Although several studies discuss the prognostic significance of MSI-associated genes in GC [20], our study focused on identifying an immune-related gene expression signature where we have screened and analyzed all the DEGs between MSI-H and MSI-L/MSS patient samples to build a risk model and allow better prediction of patient prognosis. And the genes identified in MSI -L/MSS samples and MSI-H samples were totally different. Moreover, the unique signature patterns for each of these subtypes identified in our study predicted prognosis of patients with high accuracy. Furthermore, based on this model, we constructed a TF-IRG regulatory network to understand the underlying molecular mechanisms to help delineate their potential use in the clinics. Furthermore, GSEA indicated that these prognostic genes are strongly associated with different pathway, which accounted for the different oncogenic mechanisms. And our analysis provides distinct gene signatures for the MSI-H (LTBP1, SEMA6A, BACH2) and MSI-L/MSS (SHC4, PTH1R) patients, which could serve as potential candidates in the clinics. (Figure 9).

The workflow of construction and validation of the immune signature.

Figure 9. The workflow of construction and validation of the immune signature.

In case of the MSI-L/MSS subgroup, the significantly de-regulated gene PTH1R a member of the GPCR family of proteins, is defined as a type 1 parathyroid hormone receptor [21], which serves as an oncogene in breast cancer as silencing of PTH1R suppressed cell proliferation and induced apoptosis in breast cancer cells [22]. Furthermore, the co-expression of elevated levels of parathyroid hormone-related peptide (PTHrP) and PTH1R significantly correlated with cancer metastasis and mortality in patients with lung adenocarcinoma [23]. The results of our study are consistent with those reported by previous studies, where we observe that increased expression of the PTH1R correlated with an advanced tumor grade 3 and elevated mortality risk. However, these results are in contrast to another study with hepatocellular carcinoma where decreased expression of PTH1R was significantly associated with large tumor size and poor overall survival [24].

For MSI-H patients, our analysis indicated that the BACH2 gene was significantly up-regulated and correlated with high grade tumor (Grade 3 and T3+T4) and poor survival outcome in patients. BACH2 encodes a B-cell-specific transcription factor which plays an important role in regulating immune homeostasis and inflammatory responses. However, the role of BACH2 in tumorigenesis remains controversial and alters as per tissue and cancer type [25, 26, 27, 28]. For instance, BACH2 has been shown to function as tumor suppressor in mantle cell lymphoma (MCL) and diffuse large B-cell lymphoma (DLBCL), whereas in another study its expression has been associated with poor prognosis in DLBCL patients [29]. Consistent with this report, our study showed that higher expression of BACH2 was significantly related to worse OS. In addition, BACH2 promotes tumor growth through tumor immune suppression of Treg-mediated CD8+ T cells [30]. Therefore, studying the expression of BACH2 may provide newer insights for the prognosis and design of immune-based therapies in MSI-H gastric cancer.

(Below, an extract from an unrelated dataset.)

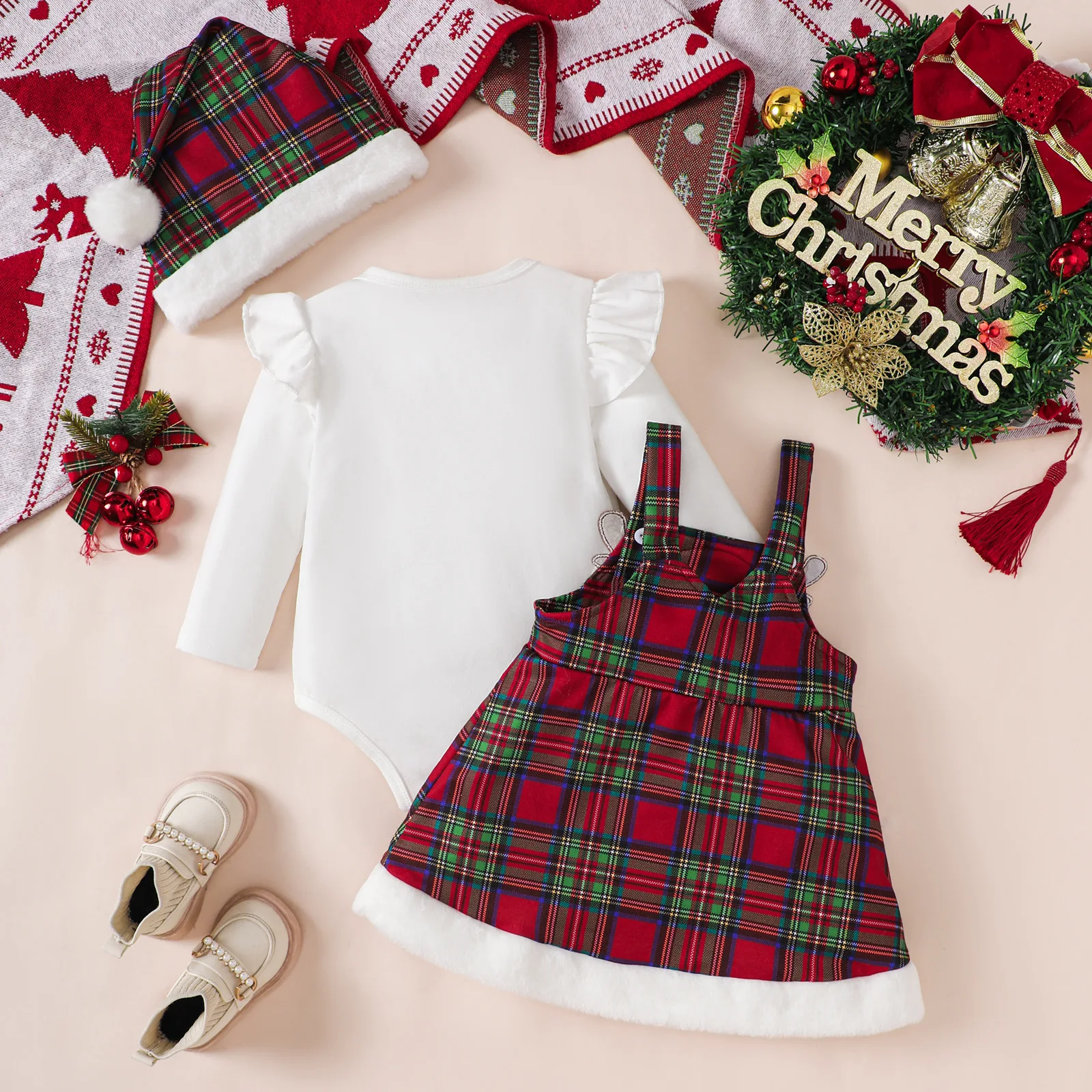 Comprar Ropa Para niña recién nacida de 0 a 24 meses, vestido de tirantes a cuadros de ciervo de dibujos animados de Navidad + Body de manga larga con sombrero de Papá Noel, regalo de Año Nuevo de 3 piezas

While our study was primarily based on the analysis of the RNA-seq expression data from publicly available datasets, the gene signature identified should possibly facilitate development of immunotherapeutic targets and improve the response rate of GC patients with MSI to immunotherapy. However, there remain several limitations in our study. First, we have relied heavily on the TCGA dataset, which provides less information about the treatment regimen applied for the patients. Second, the sample size in our study was small and this may have affected the efficacy and stability of the prediction model. Third, the prognostic genes identified in our study remain to be validated in vitro and in vivo using a larger cohort of actual patient samples.

Conclusion

Our study provides a prognostic gene signature for predicting the OS of GC patients with MSI-H or MSI-L/MSS status. We have also explored the clinical utility of these prognostic IRGs by their statistically strong correlation with OS, tumor grad and clinical stage. We envision that the outcome of our study may help in understanding the underlying molecular mechanism, and interaction of immune microenvironment with tumor profile, which could allow patient-tailored treatment of GC patients.

Materials and Methods

Data acquisition

Gene expression data and clinical information of GC patient samples identified with MSI were collected from the TCGA database (https://cancergenome.nih.gov/), which includes 66 MSI-H patients and 308 MSI-L/MSS patients (Table 3, until September 18, 2019). The expression data was HTSeq-FPKM type, by using Trimmed mean of M values (TMM) implemented in the edgeR Bioconductor package and filtering out genes whose expression was less than 0.2, the data was normalized. 2498 IRGs were accessed from the ImmPort database (https://www.immport.org/), whereas 317 transcription factors (TFs) were accessed from the Cistrome Cancer database (http://cistrome.org/).

Table 3. Clinical and pathological characteristics of GC patients.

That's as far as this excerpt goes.